EXERCISE GOAL: Omit the pictures, but give back every entry below exactly as written.

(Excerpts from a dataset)
-=-=-=-=-

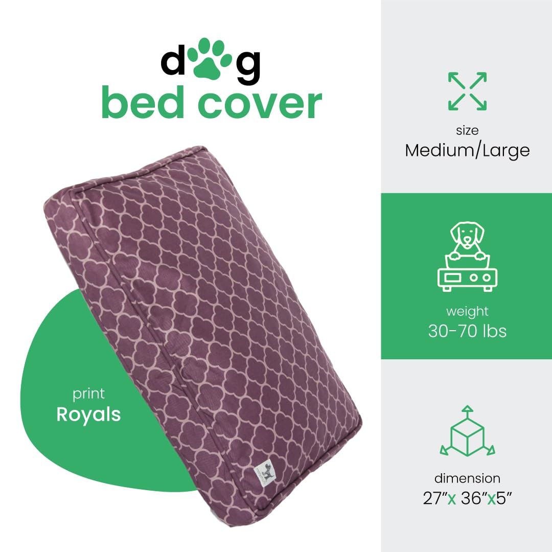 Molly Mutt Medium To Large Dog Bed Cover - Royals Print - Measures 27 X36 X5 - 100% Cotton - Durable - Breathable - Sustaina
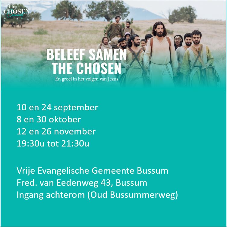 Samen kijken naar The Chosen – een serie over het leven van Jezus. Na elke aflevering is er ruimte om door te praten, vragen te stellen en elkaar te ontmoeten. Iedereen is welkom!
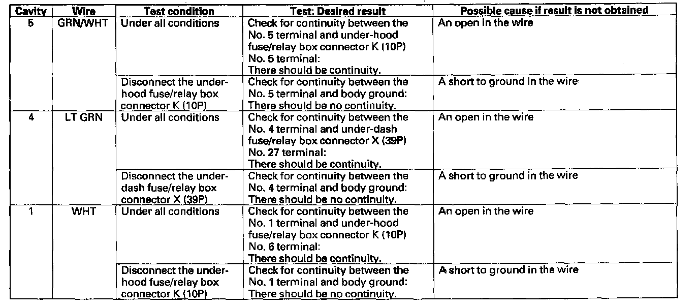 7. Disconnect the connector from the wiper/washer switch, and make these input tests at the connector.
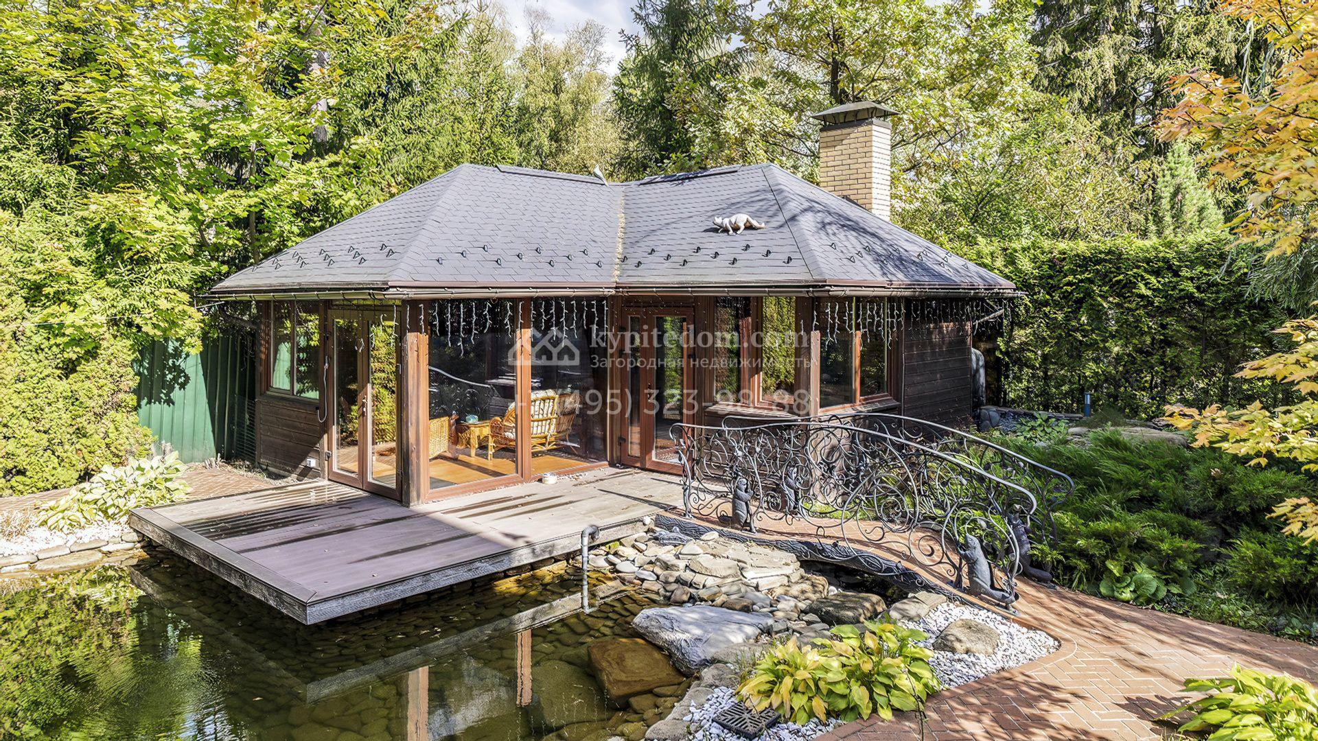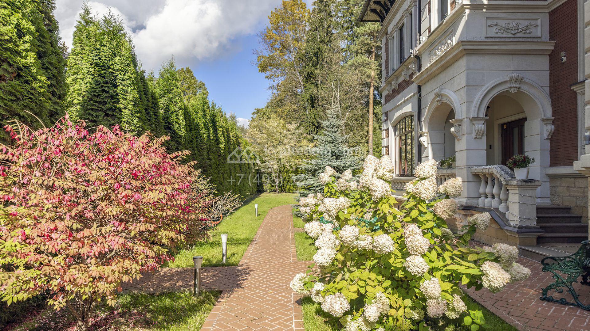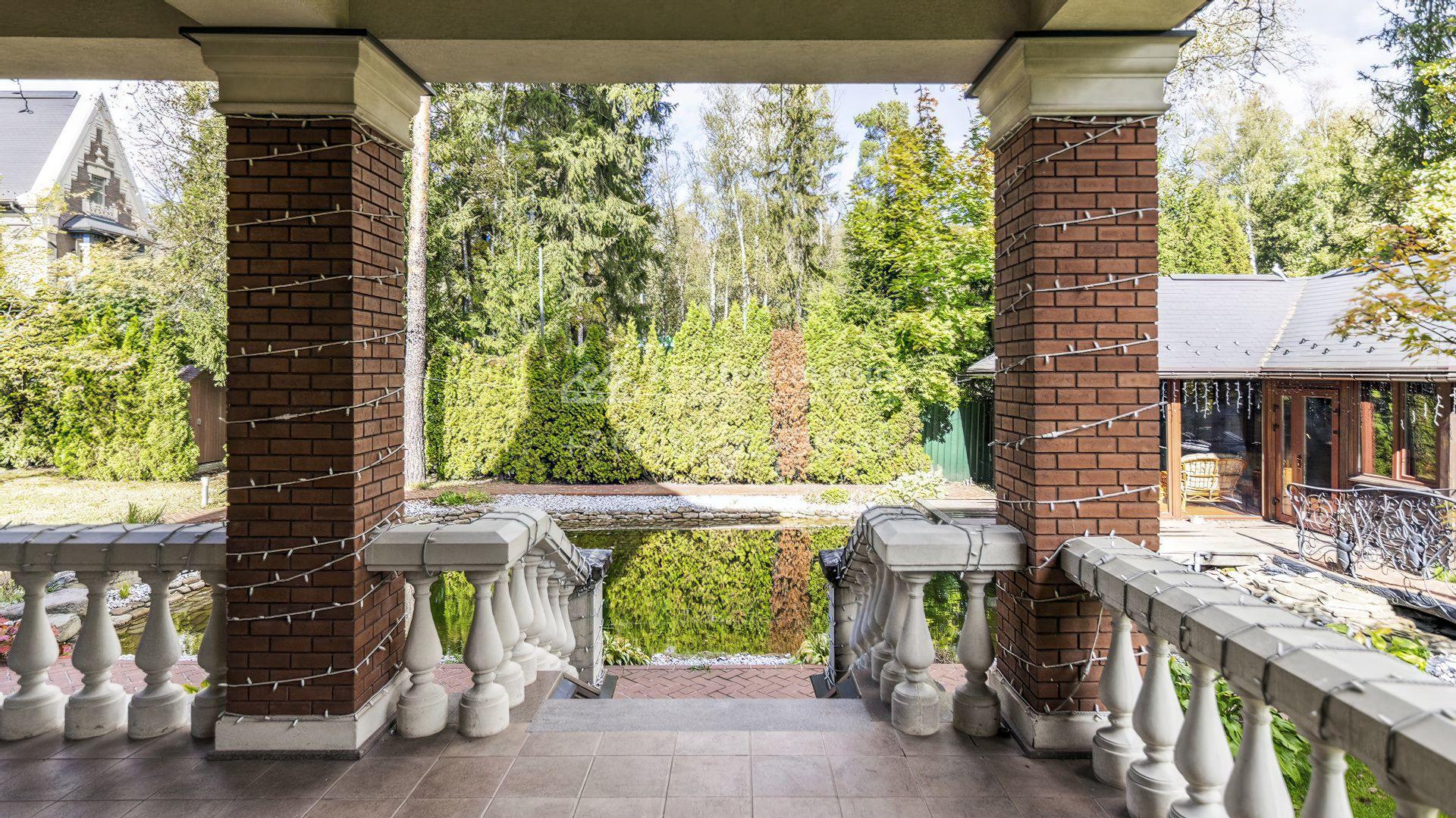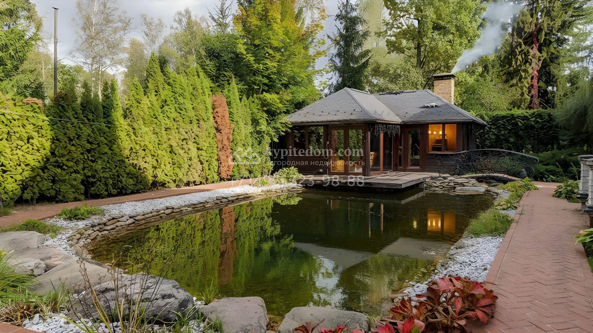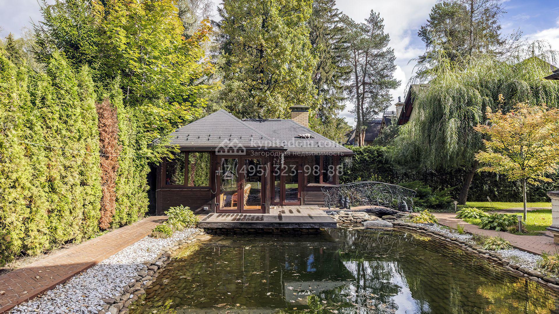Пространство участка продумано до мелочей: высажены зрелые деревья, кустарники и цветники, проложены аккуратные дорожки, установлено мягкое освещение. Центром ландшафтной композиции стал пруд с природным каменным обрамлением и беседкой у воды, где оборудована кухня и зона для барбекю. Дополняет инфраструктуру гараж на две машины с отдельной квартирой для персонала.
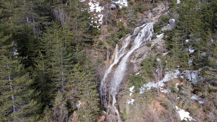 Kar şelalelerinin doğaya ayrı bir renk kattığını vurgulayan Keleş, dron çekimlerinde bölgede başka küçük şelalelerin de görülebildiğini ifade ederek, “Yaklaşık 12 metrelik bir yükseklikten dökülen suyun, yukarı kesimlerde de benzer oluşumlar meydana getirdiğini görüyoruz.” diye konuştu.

-=-=-=-=-

EXPECTED ANSWER:
 Molly Mutt Medium To Large Dog Bed Cover - Royals Print - Measures 27 X36 X5 - 100% Cotton - Durable - Breathable - Sustaina
 Samen kijken naar The Chosen – een serie over het leven van Jezus. Na elke aflevering is er ruimte om door te praten, vragen te stellen en elkaar te ontmoeten. Iedereen is welkom!
 7. Disconnect the connector from the wiper/washer switch, and make these input tests at the connector.
Пространство участка продумано до мелочей: высажены зрелые деревья, кустарники и цветники, проложены аккуратные дорожки, установлено мягкое освещение. Центром ландшафтной композиции стал пруд с природным каменным обрамлением и беседкой у воды, где оборудована кухня и зона для барбекю. Дополняет инфраструктуру гараж на две машины с отдельной квартирой для персонала.
 Kar şelalelerinin doğaya ayrı bir renk kattığını vurgulayan Keleş, dron çekimlerinde bölgede başka küçük şelalelerin de görülebildiğini ifade ederek, “Yaklaşık 12 metrelik bir yükseklikten dökülen suyun, yukarı kesimlerde de benzer oluşumlar meydana getirdiğini görüyoruz.” diye konuştu.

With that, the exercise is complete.